▶ **EXERCISE BRIEF**
Every line of the data below must be output exactly, with images left out.

▶ **STORED DATA**
· · · · ·
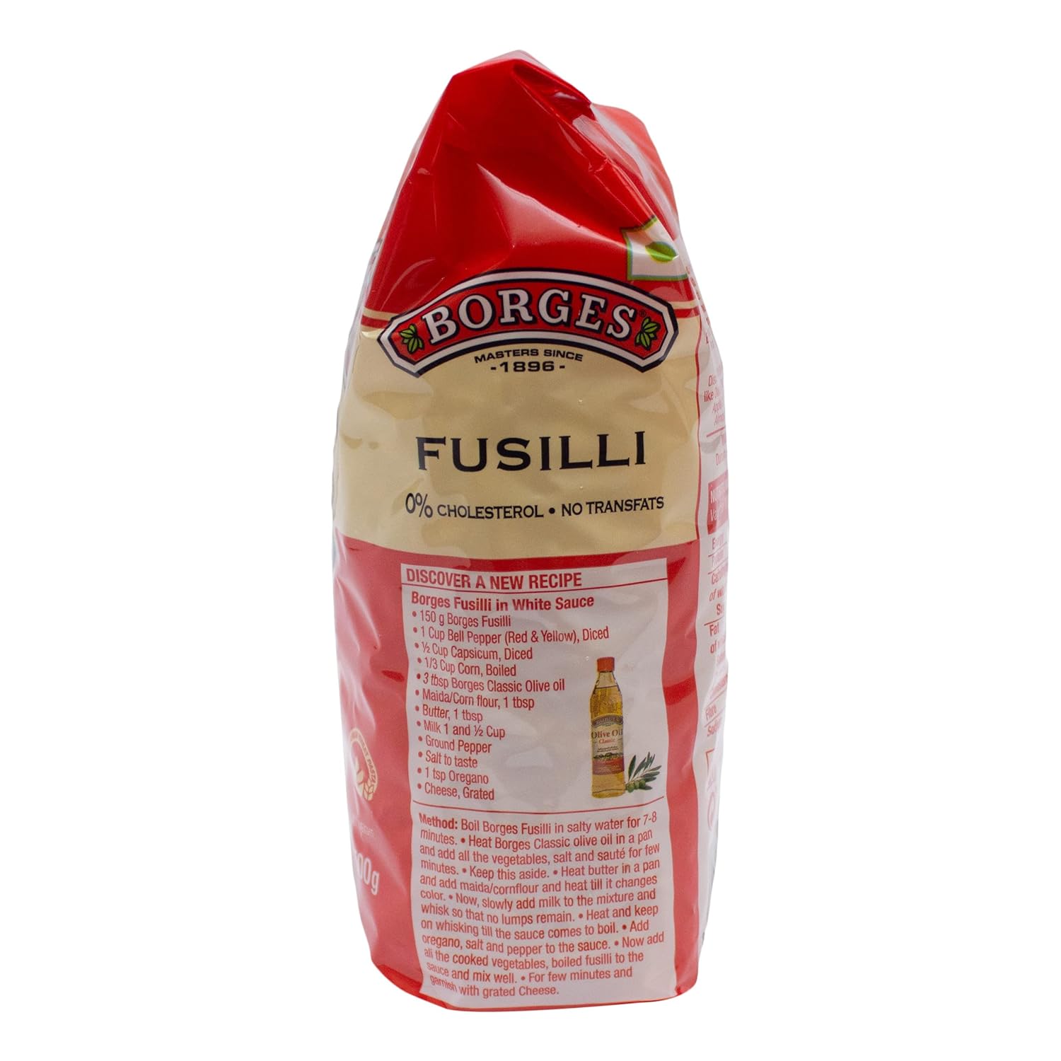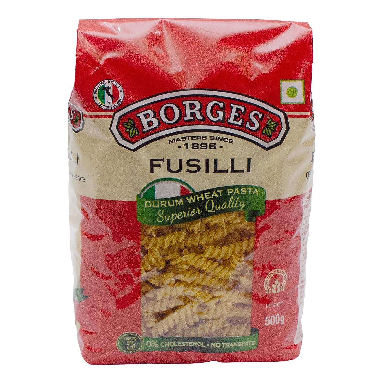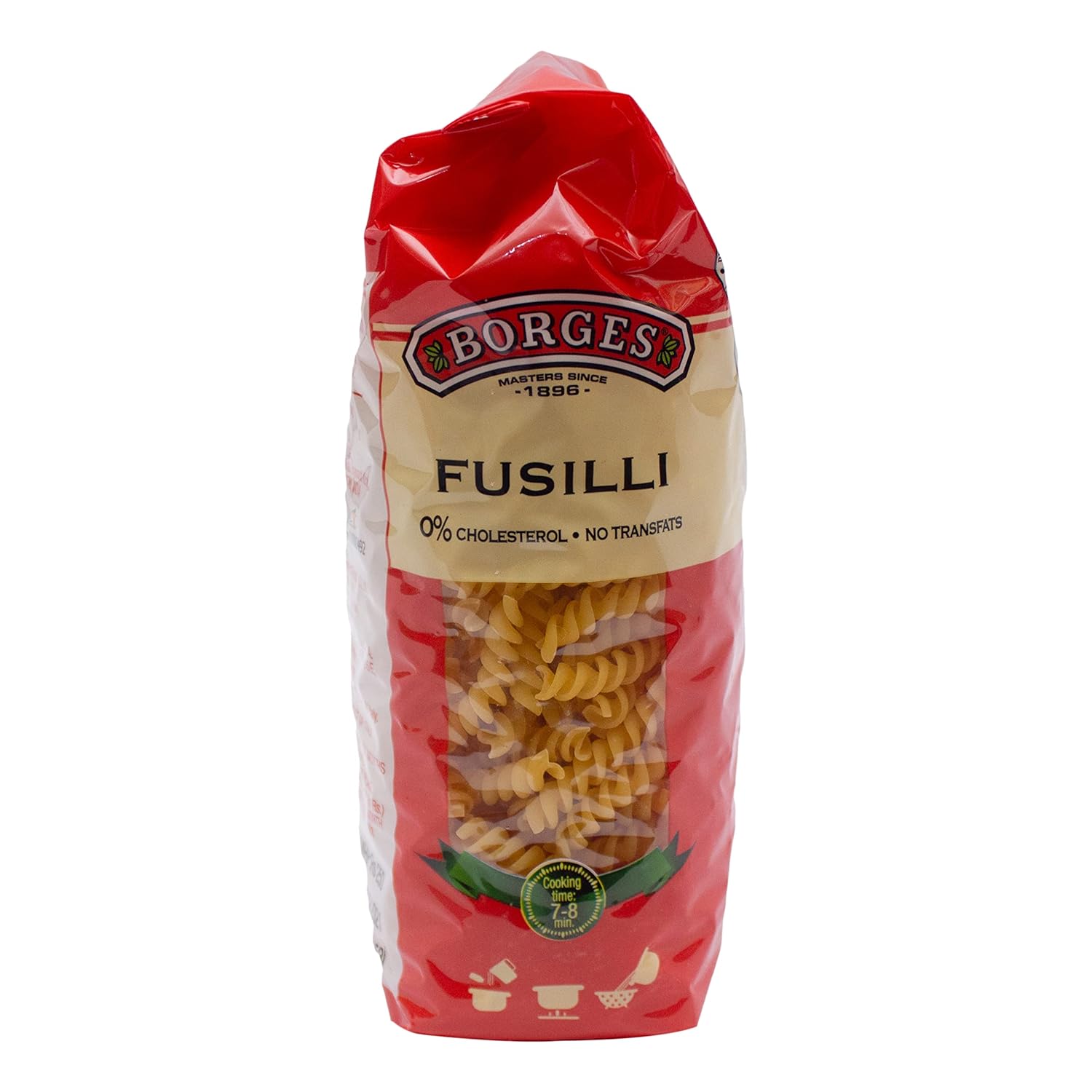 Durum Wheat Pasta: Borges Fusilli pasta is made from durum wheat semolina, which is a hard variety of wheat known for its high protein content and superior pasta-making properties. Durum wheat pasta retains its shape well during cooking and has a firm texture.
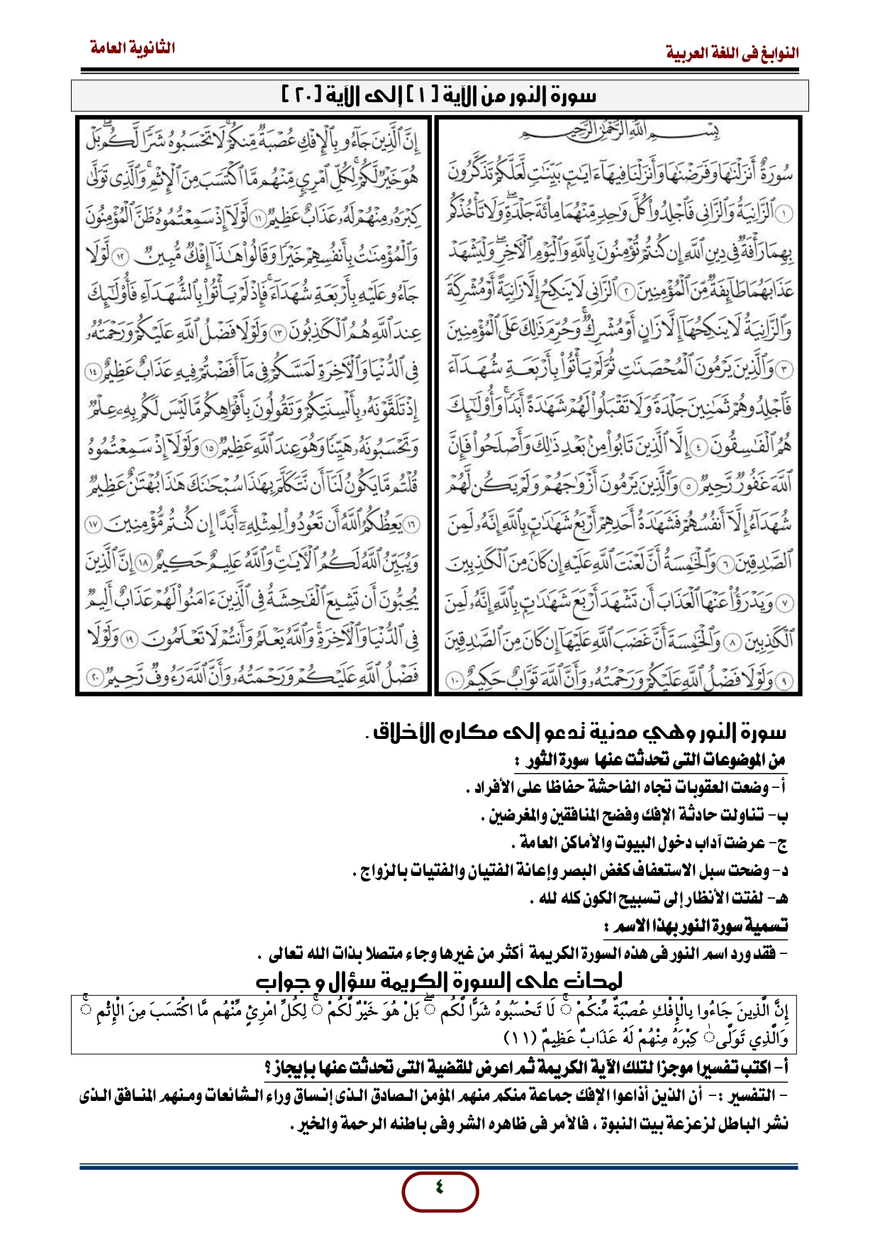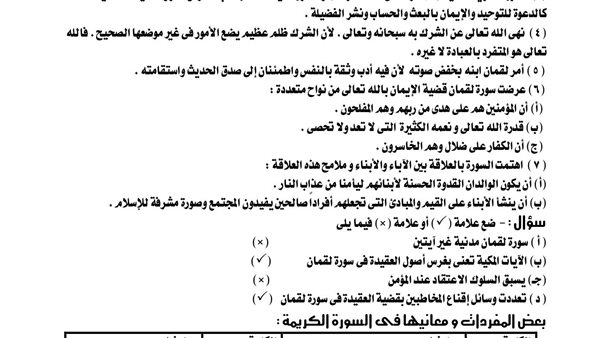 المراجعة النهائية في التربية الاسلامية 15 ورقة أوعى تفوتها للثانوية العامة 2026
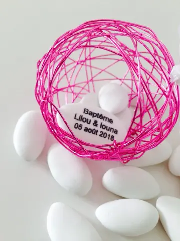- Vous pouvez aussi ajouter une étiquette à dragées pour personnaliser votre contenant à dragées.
· · · · ·
▶ **PROBLEM SOLUTION**
 Durum Wheat Pasta: Borges Fusilli pasta is made from durum wheat semolina, which is a hard variety of wheat known for its high protein content and superior pasta-making properties. Durum wheat pasta retains its shape well during cooking and has a firm texture.
 المراجعة النهائية في التربية الاسلامية 15 ورقة أوعى تفوتها للثانوية العامة 2026
- Vous pouvez aussi ajouter une étiquette à dragées pour personnaliser votre contenant à dragées.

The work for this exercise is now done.